Наверное, мой вопрос звучит укоризненно, потому что Джеффри нехотя отвечает:
– Да, собирался.
Раньше мы почти не смотрели телевизор, зато часто обсуждали, как прошел день – жалели о том, что нас особенно беспокоило, и смеялись над тем, что казалось нам странным и смешным, – но с недавних пор телевизор стал нашим спасением. На вечеринке наша соседка сверху отвела меня в сторонку, чтобы сообщить, как радуется она, когда слышит смех из нашей спальни поздно ночью. Наверное, мы живем душа в душу. Я прикусил губу, чтобы не выпалить, что это Джеффри смотрит повторные показы «Фрейзера».
В угоду мне Джеффри закрывает ноутбук и кладет поверх него телефон.
– А ты хотел поговорить?
Я смотрю на его телефон, думая о смске, которую видел, и вдруг понимаю, что она мне не нравится. « Когда вернешься? Хочу поиграть ». «Я хочу поиграть» – скорее всего, в покер. Вроде бы все безобидно. Но «когда вернешься?»? Зачем надо возвращаться, чтобы поиграть в онлайн-игру?
– Когда вернешься? – Лили задавала этот вопрос всегда, когда мне приходилось уезжать без нее. В первый раз это случилось месяца через четыре после того, как я привез ее домой. Как она оживилась, когда я вытащил чемоданы и сумки из глубокого встроенного шкафа во второй спальне! Едва я расстегнул молнию чемодана, Лили решительно забралась в него, уселась, и поскольку в то время она еще не выросла, кожа у нее на крупе собралась морщинками.
ЧТО! ЭТО! ЗА! УЮТНАЯ! КОРОБКА! ИЗ! НЕЕ! ПОЛУЧИТСЯ! ЧУДЕСНАЯ! ПОСТЕЛЬКА! ДЛЯ! МЕНЯ! ОБОЖАЮ! ЭТИ! БОРТИКИ! И! ОСОБЕННО! РЕЗИНОВЫЙ! РЕМЕШОК!
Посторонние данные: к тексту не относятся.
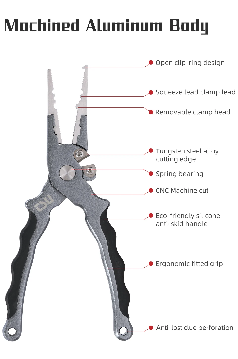 Alicates de pesca de aluminio TSURINOYA, cortadores trenzados de carburo de tungsteno, extractor de anzuelos, equipo de pesca resistente al agua salada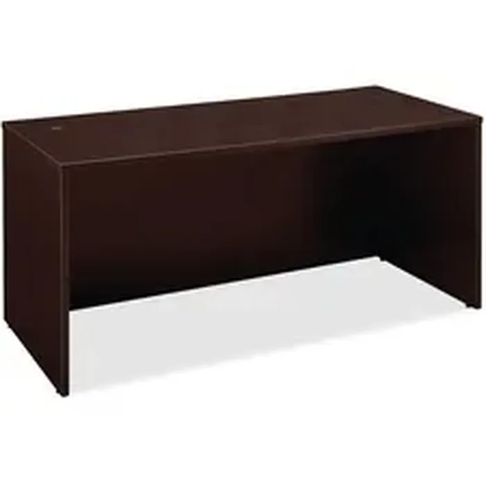 Adaptable to your personal style, this 66" wide desk shell in Mocha Cherry offers classic styling with clean lines and an extended modesty panel. It is constructed with 100 percent thermally fused laminate for durability and superior resistance to scratches and stains. You'll enjoy the integrated wire management located within both desktop and leg grommets to conceal cables and keep your desk area uncluttered. Configure with the Bush Business Furniture Series C Collection 60" wide hutch and a left/right desk return or use as a standalone desk component in a limited space. Spacious design includes room for two-drawer or three-drawer mobile pedestals (sold separately) and can be customized with accessories such as a keyboard tray (sold separately) for convenience. Compensate for uneven floor surfaces with adjustable levelers.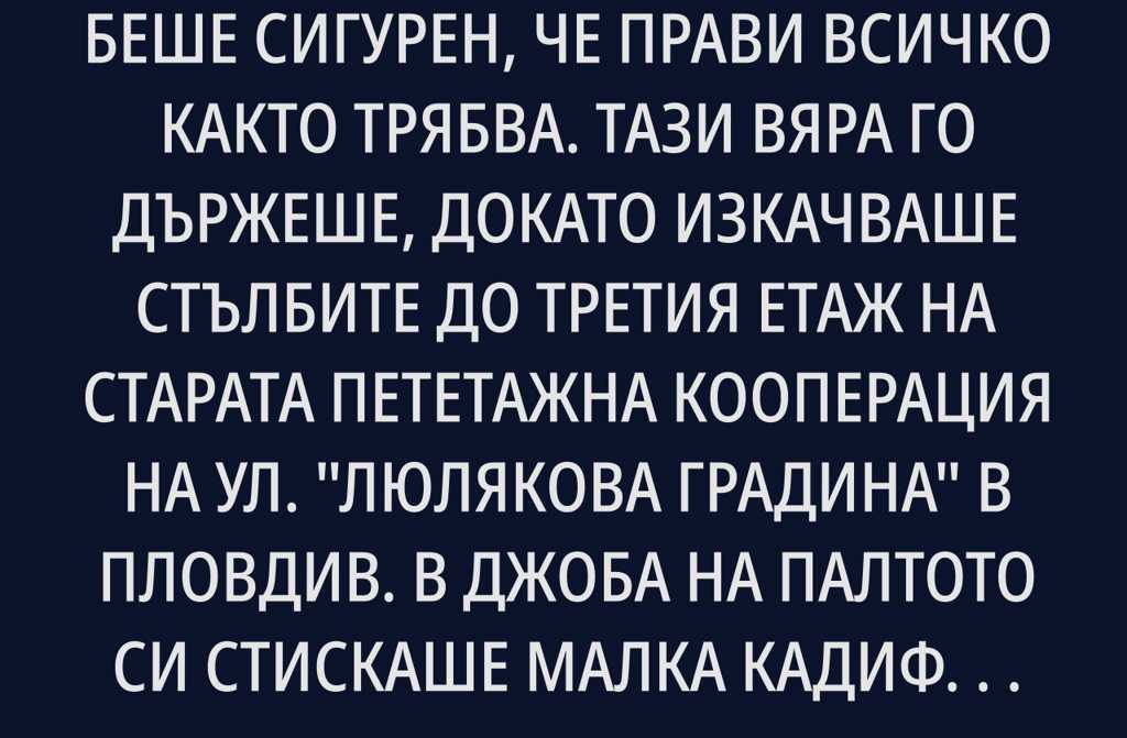 Той беше сигурен, че прави всичко както трябва. Тази вяра го държеше, докато изкачваше стълбите до третия етаж на старата пететажна кооперация на ул. “Люлякова градина” в Пловдив. В джоба на палтото си стискаше малка кадифена кутийка от бижутерия Сапфир, и все я докосваше с пръсти, сякаш да се увери, че още е там. Пръстенът струваше сериозно беше избирал почти час, докато продавачката му носеше поднос след поднос, а той само гледаше, преценяваше, мислеше си как Екатерина ще се зарадва. Та трябваше да се зарадва. Десет години не са малко.

– Это чемодан. Мне надо сложить в него вещи, чтобы собраться в дорогу.
– Прекрасно! Я уже внутри, так что ты готов!
– К сожалению, взять тебя с собой я не могу. Чемодан для моей одежды, обуви и бритвенных принадлежностей.
– А мне почему нельзя? Я ведь тоже твоя!
Я присел возле чемодана и почесал Лили затылок между ушами.
– Вообще-то ты моя главная ценность, – она подняла нос и прищурилась. – Но ты останешься дома, тебя ждут другие приключения.
Лили уставилась на меня томными миндалевидными глазами.
– У нас будут разные приключения?
За мои сердечные струны она дергала так же, как в питомнике, в момент нашего знакомства, – за шнурки: неторопливо, но целеустремленно.
– Твое приключение будет веселым. Ты поедешь играть с другими щенками так, как раньше играла с братом и сестрами – с Гарри, Келли и Ритой.
– С Гарри, Келли и Ритой?
– Правильно. Не знаю, как зовут этих других щенков, но они наверняка такие же милые.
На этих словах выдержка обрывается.